# Brief
Set down, exactly as written, the lines from the line holding "秋から冬にかけてお菓子やカフ" to the end of the data, inclusive, skipping any pictures.
[Opening Records provided section]
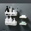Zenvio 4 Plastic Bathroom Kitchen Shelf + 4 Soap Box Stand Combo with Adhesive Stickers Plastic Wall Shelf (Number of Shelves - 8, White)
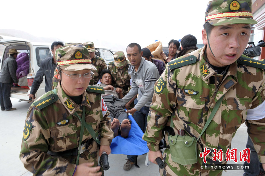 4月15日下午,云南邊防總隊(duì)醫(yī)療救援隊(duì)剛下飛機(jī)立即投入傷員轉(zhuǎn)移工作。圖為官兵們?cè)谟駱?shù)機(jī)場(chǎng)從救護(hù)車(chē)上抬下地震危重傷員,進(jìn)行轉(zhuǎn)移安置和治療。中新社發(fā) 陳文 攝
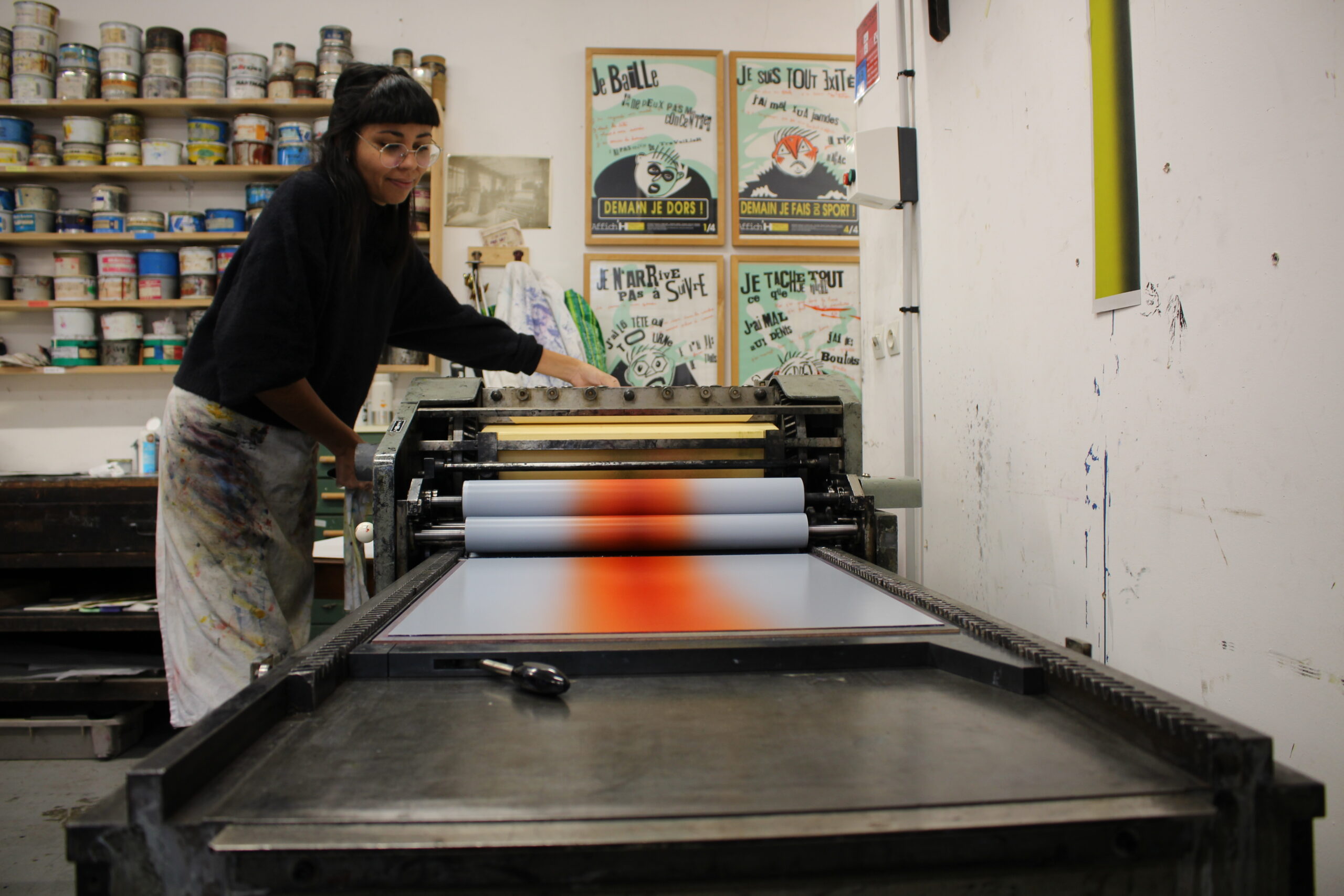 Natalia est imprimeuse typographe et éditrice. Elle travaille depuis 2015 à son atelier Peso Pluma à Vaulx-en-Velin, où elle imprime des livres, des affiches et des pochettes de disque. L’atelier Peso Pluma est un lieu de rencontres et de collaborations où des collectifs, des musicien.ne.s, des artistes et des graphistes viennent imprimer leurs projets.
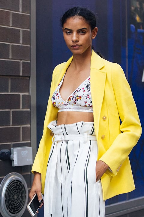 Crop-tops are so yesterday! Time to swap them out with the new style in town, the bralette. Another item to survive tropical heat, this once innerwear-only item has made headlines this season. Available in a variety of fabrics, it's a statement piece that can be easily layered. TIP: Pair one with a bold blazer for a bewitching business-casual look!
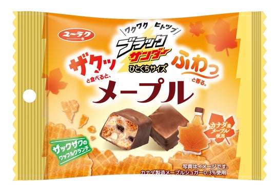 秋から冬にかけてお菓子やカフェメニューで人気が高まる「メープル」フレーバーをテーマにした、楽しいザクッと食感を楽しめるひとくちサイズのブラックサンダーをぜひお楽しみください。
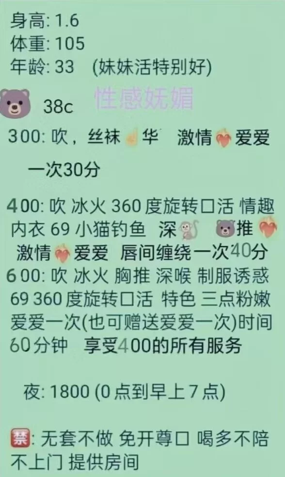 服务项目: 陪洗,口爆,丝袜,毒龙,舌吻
[Closing Records provided section]
# Solution to the problem
 秋から冬にかけてお菓子やカフェメニューで人気が高まる「メープル」フレーバーをテーマにした、楽しいザクッと食感を楽しめるひとくちサイズのブラックサンダーをぜひお楽しみください。
 服务项目: 陪洗,口爆,丝袜,毒龙,舌吻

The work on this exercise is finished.